В продолжение почти целого часа я честно пыталась сосредоточиться на английской литературе, но мои мысли то и дело обращались от учебника к Оуэну. Он был мне очень нужен, нужен прямо сейчас. Я хотела поцеловать его, прижаться к его широкой груди и сказать ему, как сильно я его люблю. А еще я хотела, чтобы он взял у меня из рук учебник, посадил в машину и повез прогуляться куда-нибудь на побережье – например, в Бухту влюбленных, которая была нашим любимым местом. Там он остановил бы машину, и пока я любовалась океаном, его руки и губы делали бы со мной разные приятные вещи, без которых я не могла жить и которые заставляли меня любить его еще крепче. А еще мне хотелось еще раз поговорить с ним о нашем общем будущем – о том, как мы будем жить вместе где-нибудь очень, очень далеко от Пасифик-Гроув…

В комнате было очень тихо, а кресло, в котором я сидела, было таким удобным и мягким, что вскоре я начала клевать носом. Голден, который дремал на полу, привалившись к моим ногам, был теплым, как живая печка, и это тоже создавало атмосферу уюта, в которую я с удовольствием погрузилась с головой. Я почти забыла, что нахожусь в чужом доме, забыла даже о том, что случилось вчера…

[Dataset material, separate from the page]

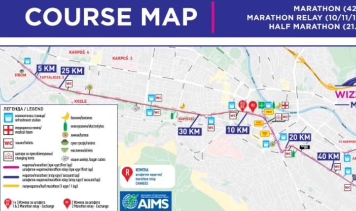 Патеката за маратонската трка, полумаратонот и штафетната трка, ќе стартува на улицата „11 Октомври“ пред Собранието и тргнува во правец кон запад по улица „Митрополит Теодосиј Гологанов“. Тркачите ќе трчаат право во двете насоки до крај на овој булевар и продолжуваат право по ул. „Васил Чакаларов“, каде по семафорите во населба Хром, ќе свртат полукружно и ќе се вратат во правец кон центар по истите улици и булевари. Кога ќе се враќаат тркачите кај Собрание, ја продолжуваат трасата по улица „11 Октомври“ кон Црвен Крст и ќе свртат кај Тутунски комбинат лево на бул. „Крушевска Република“ и десно на „Трета Македонска Бригада“. По неа ќе се трча до раскрсницата кај Американ Колеџ и ќе се врти лево по улица „Васко Карангелески“. Потоа ќе трчаат право сѐ до раскрсницата со бул. „Јане Сандански“. На раскрсницата ќе се врти десно и ќе се трча сѐ до раскрсницата со Бул. „Србија“, каде, пред неа се врти полукружно во истата коловозна страна (другата страна од булеварот е слободна за сообраќај во правец кон Центар) и ќе трчаат до пред раскрсницата кај Тобако 2. Тркачите полукружно ќе се враќаат до раскрсницата кај Сансет, ул. „Васко Карангелески“, десно до крај и повторно десно ќе излезат на „Трета Македонска Бригада“. Трчаат по истата патека до Собрание, со тоа што полумаратонците финишираат на Плоштад Македонија, а маратонците трчаат уште еден круг.

Какое-то время спустя я все же спохватилась и в очередной раз постаралась сосредоточиться на учебных материалах. Не прошло, однако, и десяти минут, как мое сердце стиснуло необъяснимым страхом. На мгновение перед моим мысленным взором предстало лицо матери, и я невольно ахнула в голос – таким страданием и мукой были искажены ее черты. Словно холодная призрачная рука коснулась сзади моей шеи, а на голове зашевелились волосы. Потом я ощутила на коже щеки легчайший, отлетающий поцелуй, и все исчезло. Не осталось ни холода, ни страха – только какая-то странная пустота, природу которой я никак не могла себе уяснить.

– Мама?.. – спросила я вслух. В тишине комнаты собственный голос показался мне таким слабым и чужим, что я с трудом его узнала. – Мама!.. – повторила я. В следующее мгновение мне буквально до слез захотелось увидеть мать. Это желание было таким жгучим, таким всеобъемлющим, что я без колебаний отшвырнула книги и, едва не споткнувшись о Голдена, бросилась вон из комнаты. Чтобы перебежать от дома Оуэна к своему и взлететь на крыльцо, мне потребовалось меньше минуты.

– Мама! – громко крикнула я, с такой силой распахивая дверь, что она ударилась о стену. – Мама?!..

В коридоре я увидела бабушку. Она стояла у подножия лестницы. Ее лицо было совершенно белым, как у человека, который только что перенес сильнейшее потрясение.

– Где мама?

Бабушкины губы дрогнули, ладонь прикоснулась к лицу.

– Молли… – Мое имя прозвучало как рыдание, рвущееся из самой глубины ее души.

– МАМА!!!

Оттолкнув бабушку, я в мгновение ока взлетела по лестнице и остановилась как вкопанная перед дверью родительской спальни. Она была распахнута настежь, в дверном проеме виднелся край двуспальной кровати. Отец сидел прямо на покрывале, а у него на коленях, безвольно обвиснув, покоилось тело мамы. Глаза ее были широко раскрыты, но в них уже не было жизни. На вытянутой шее отчетливо проступали черно-багровые пятна.

За спиной отца валялся на кровати чемодан, наполовину наполненный мамиными вещами. Ящики комода были открыты и перекошены, словно мама куда-то собиралась в спешке, и из них высыпались на пол предметы одежды и белье.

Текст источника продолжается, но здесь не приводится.